I awoke a little bit later. April was still asleep. I sat there for a minute and just let my eyes drink in her beauty. She was naked and breathing deeply as she dreamed.
I got up and looked at the time. It was just after three and sun was out now. I went into the kitchen and looked in the fridge. April had gotten a few nice steaks on her trip to the store earlier. I got them out and made up my favorite marinade to let them soak in for awhile. I was starving so I ate a light lunch to tide me over and went outside.
It was gorgeous out. The dreariness of the rain and fog was gone. I started some charcoal in the stone grill that I had built earlier this year, figuring that barbequed steaks was the only way to go. I started my way towards the lake. I looked around me and remembered following my naked sister down the same path I was walking now. Unreal, who would have ever thought that the events of the past few days would happen to anybody much less myself.
When I got down to the dock I opened the boat house door and got out my fishing pole and tackle. I stepped back out on the dock and picked up April's tank top that we had left out there earlier. I hung it on a nail on the side of the boat house and walked out to the end of the dock. I sat down and put a spinner on the end of my line and cast out into the still water.
Fishing had always been therapeutic for me. A great time to let your mind catch up with your thoughts and to sort everything out. I thought about April. I felt guilty in a way. My big sis, the woman that I loved as a sister had been nothing but a sexual desire for much of the past two days. I thought about the future and prayed that this would never come back to be a rift in our relationship.
Man it was hot out. Amazing how just a couple of hours could change the weather. I stood up and stripped my shirt off, kicked my sandals to the side and dove into the semi-chilly lake.
I swam under water for as far as I could and then came up for a deep breath of air. I shook my head to clear my ears of the water and thought of April again. I couldn't get her out of my head. I treaded water for a second just scanning the surface of the lake. I turned to swim back to the dock just in time to see April coming down the boardwalk towards me.
"Hey little bear" she yelled as I started swimming towards her.
I didn't say anything until I was pulling myself out of the water and onto the dock.
"Hey sis, did you sleep well?" I asked.
"Just what I needed after last night and this morning." She said as she smiled at me.
I felt the twinge of guilt hit me again as I watched April lay a beach towel down on the dock. Once again I was in awe of her beauty. She had discarded the pigtails and had her auburn hair pulled back in a pony tail. She was wearing a white spaghetti strap bikini top. Her perfect tits filled the material out fully and it accented her tan skin wonderfully. She had on a pair of "Daisy Dukes" and wore sandals on her manicured feet. She had on a pair of "Jackie O" sunglasses, big white rims with black lenses.

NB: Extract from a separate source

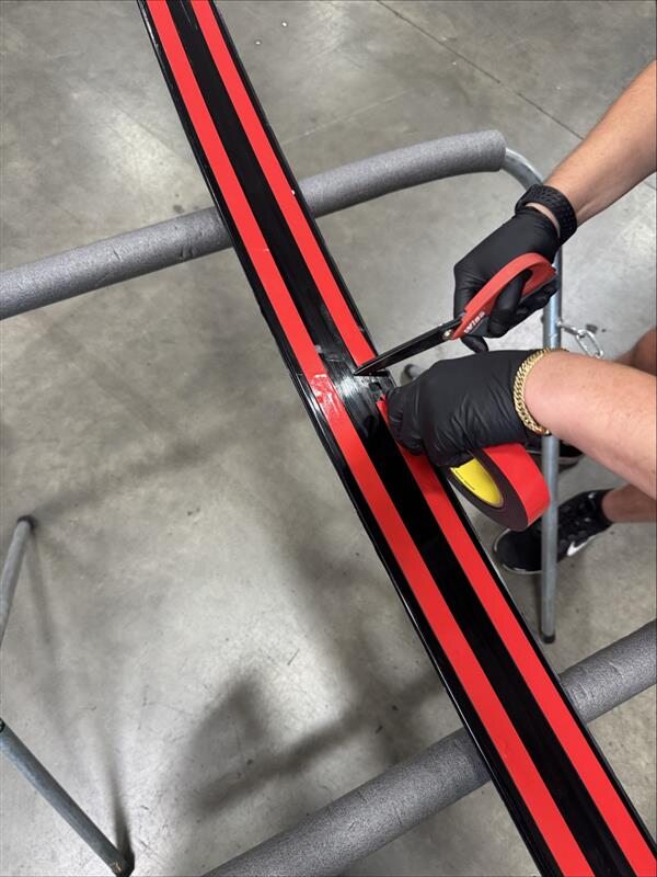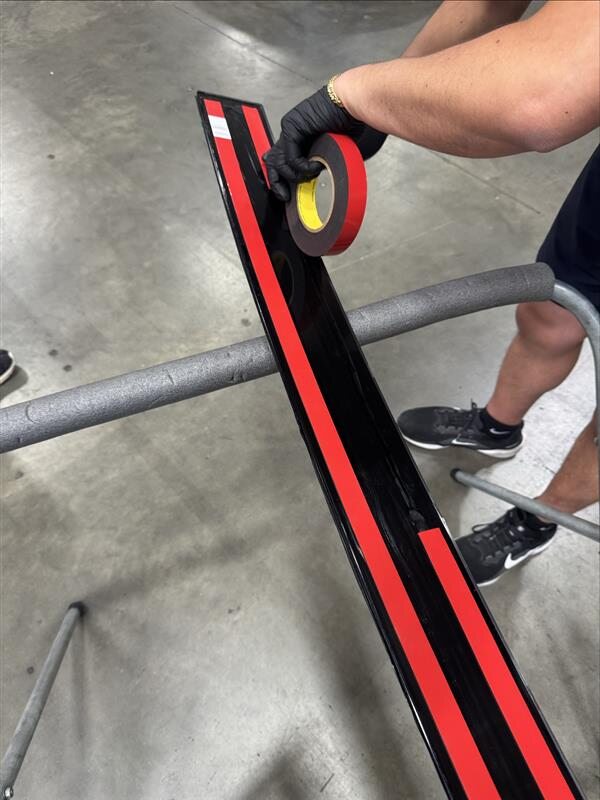 ATTENTIONThe blackout film tape must be installed on the lightbar prior to delivering the vehicle to the customer. Only the customer or a third-party entity is permitted to remove the blackout film tape.RemarquePosition the lightbar on a level surface while applying the tape. Make sure the tape fully covers the front side of the lightbar.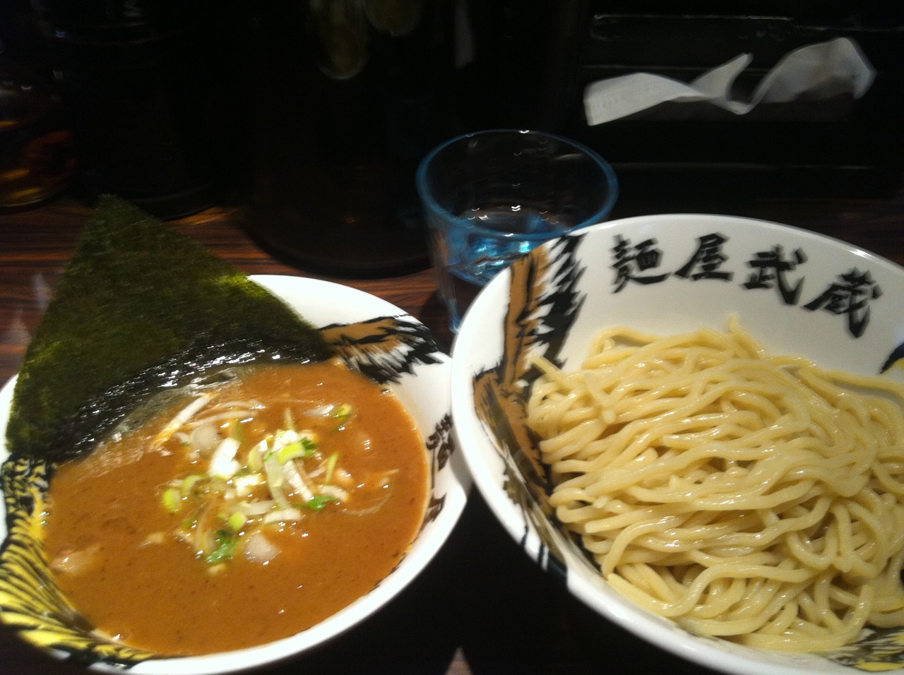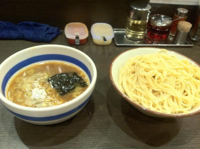 JR池袋東口を出て三菱東京UFJ銀行の手前を右に曲がったら見えます。入口で食券を買うのだけど、初めてだったので「?」。どれを買えばよいのか店員さんに聞きました。「もりそば」というのが、普通(?)のつけ麺でした!味は安心して食べられる味でした。

She sat down on the towel, folded one her legs over the other and leaned backwards thrusting her tits out into the sun. "Wow is it ever beautiful out here now," she remarked.
"I know" I responded. "Never thought it would be this way after the way it was raining this morning."
"But wasn't it wonderful this morning Little Bear? Have you ever made love in the rain before? I haven't but it was better than I could ever imagine," she said with a big smile.
"April, do you think what we have been doing is okay?" I asked with definite concern in voice.
"I have my doubts and maybe we let things happen a little too quickly. I'll tell you what, no physical contact for two weeks and if we miss it and still want it we can let things happen the way they should. I never want us to feel forced to please each other sexually or obligated as one might in a relationship. So let's just live like most people think a brother and sister should and make up our minds on how our relationship should be" April said without hesitation looking me straight in the eye and never losing her smile.
I smiled back with relief and said, "sounds perfect to me sis."
The rest of the afternoon was wonderful. The evening too, we had a great dinner and watched a movie. April and I kept our distance from each other but still gave hugs and didn't jump at accidental contact. Things were comfortable and I had a clear conscience.
I went to work the next morning and came home to another wonderful meal. April made my favorite, lasagna, and we drank some wine and talked. Since we never had got a bed for April to stay in we shared mine but we both kept to ourselves.
I must admit this was a little different but this was "right," the way that things should be I reassured myself.
Work was hell that week as we had two concerts in town and not to mention a local auto show that we had to supply the beverages for. I was busy and I think it helped me get through the week without the physical contact with April. On Friday though, things changed when I got home.
It was the first night that I could actually relax and just hang out. April had made dinner again and we sat around and talked about our week. It was the first time all week that I looked at April without all the stress from work on my mind. I was reminded of how beautiful she was. She had been cleaning the house so she wasn't all dressed up or anything but she had on a black sports bra which showed off her ample perky bosom and her tight flat stomach. She had her hair pulled back in the pigtails again which is a big weakness of mine. She was wearing short shorts which showed off her long toned legs. I watched her walk into the kitchen and mind flashed back to her legs wrapped around my body. Her hips writhing against mine as my cock slid in and out of that tight pussy. Those perfect tits in my face as I suckled on her delicate nipples. I could feel myself getting hard.